Saffron may be the colour of choice for many in the aftermath of Narendra Modi’s “anointment” as BJP’s prime ministerial candidate, and black the colour of despair as leaders make a beeline for riot-hit Muzaffarnagar – chief minister Akhilesh Yadav visited on Sunday, followed by prime minister Manmohan Singh along with Sonia and Rahul Gandhi today – but red still remains the colour etched in one corner of the national capital.

As the results for the elections to the Jawaharlal Nehru University students’ union (JNUSU) were announced on Monday, and the Left-leaning All India Students Association (AISA) romped home by a comfortable margin, red flags appeared all over the campus, without any prompting, as the victorious students took out a rally.

The CPI(ML)-backed students’ outfit won all four seats for the central panel and bagged 17 counselor seats (School of Languages, School of International Studies, School of Social Studies etc). Akbar Chawdhary, Anubhuti Agnes Baba and Sandeep Saurav won by huge margins (for the posts of president, vice-president and secretary, respectively), while Sarfaraz Hamid had a narrow escape against DSF’s Sonam Goyal, winning the joint secretary’s post by only 60 votes. 

ALSO READ: AISA bhi hota hai: ABVP, NSUI no longer outsiders in JNUSU polls

The results appear almost a repeat of last year, when AISA had won all the top posts, barring that of the president’s. While the JNU campus retains largely a Left-leaning atmosphere despite reasonable performances by the BJP-affiliated ABVP and the Congress-backed NSUI, and the university has a constitution written with dollops of work by current CPI(M) general secretary Prakash Karat during his campus days in JNU, what is significant in the results announced today is the near-total decimation of the SFI, the students’ wing of Karat’s party, which ruled the roost on the campus not long ago.
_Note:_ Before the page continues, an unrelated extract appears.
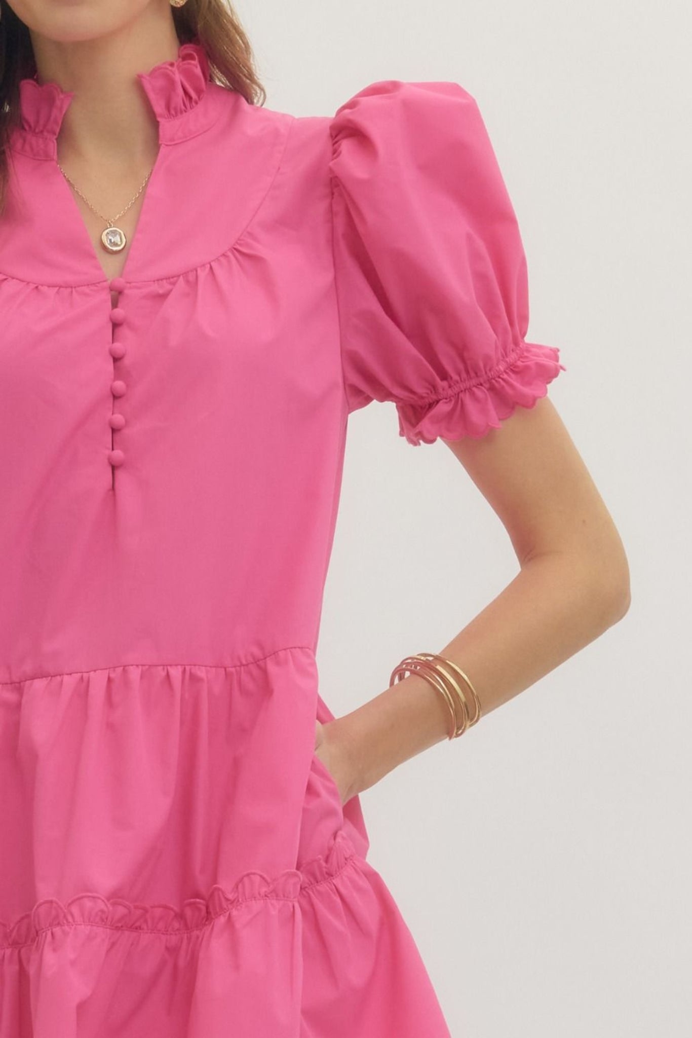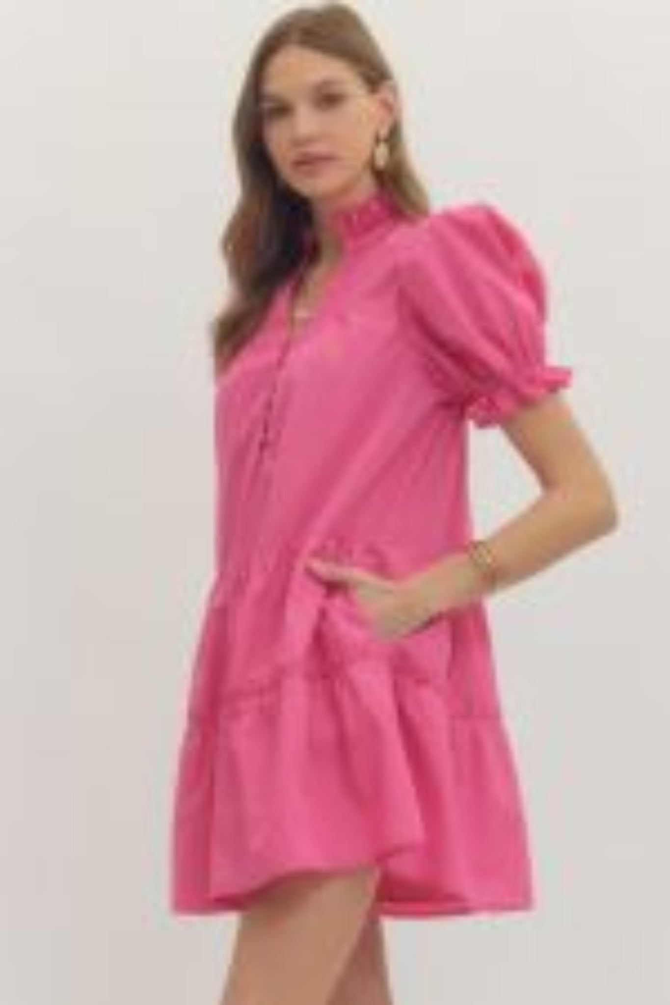 The Lucia Solid Mini Dress combines effortless elegance with playful details. This lightweight woven piece features a charming mock neck and statement puff sleeves that frame the shoulders beautifully. The front button closure allows for easy styling versatility, while tiered ruffles at the hem add movement and dimension. Fully lined for comfort and confidence, this non-sheer dress transitions seamlessly from day to night. Perfect for anyone seeking a polished yet fun silhouette that feels as good as it looks.
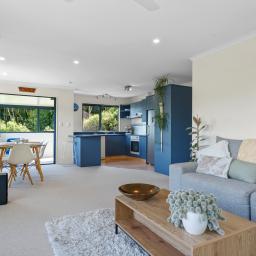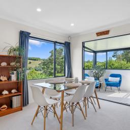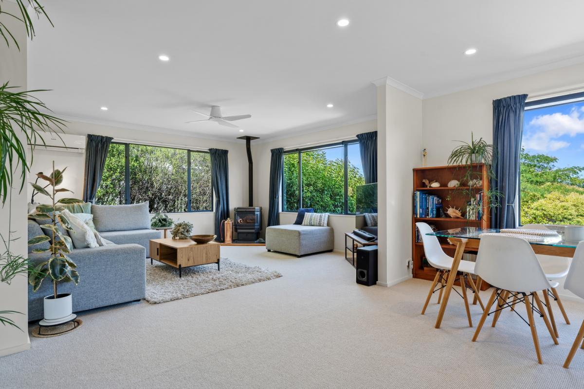 • Open plan dining and living with pellet burner, ceiling fan and a A/C unit for summer and winter

According to students, the rift in SFI, with the breakaway Democratic Students Federation (DSF) putting up an impressive show, and the resultant split in votes between them have gone to AISA’s advantage.

No wonder, ABVP and NSUI are the reference point for AISA supporters, many of whom said the results show the youth’s rejection of the two major political parties and their policies. Om Prasad, an AISA supporter, said, “AISA’s victory is an answer to Modi’s model of development, which is only an attempt to bring in communal tension. It is also an answer to the Congress and its corruption and scams. People require a change that only AISA can provide.”

Anubhuti Agnes Baba, the new JNUSU vice-president, said, “The result is a mandate against the four-year undergraduate programme (FYUP), designed by the NSUI and ABVP, where students are treated as an experimental subject.”

Among the top issues on AISA’s list of agenda are reducing viva versus marks and to provide scholarship to PhD students for the complete seven years, instead of five years.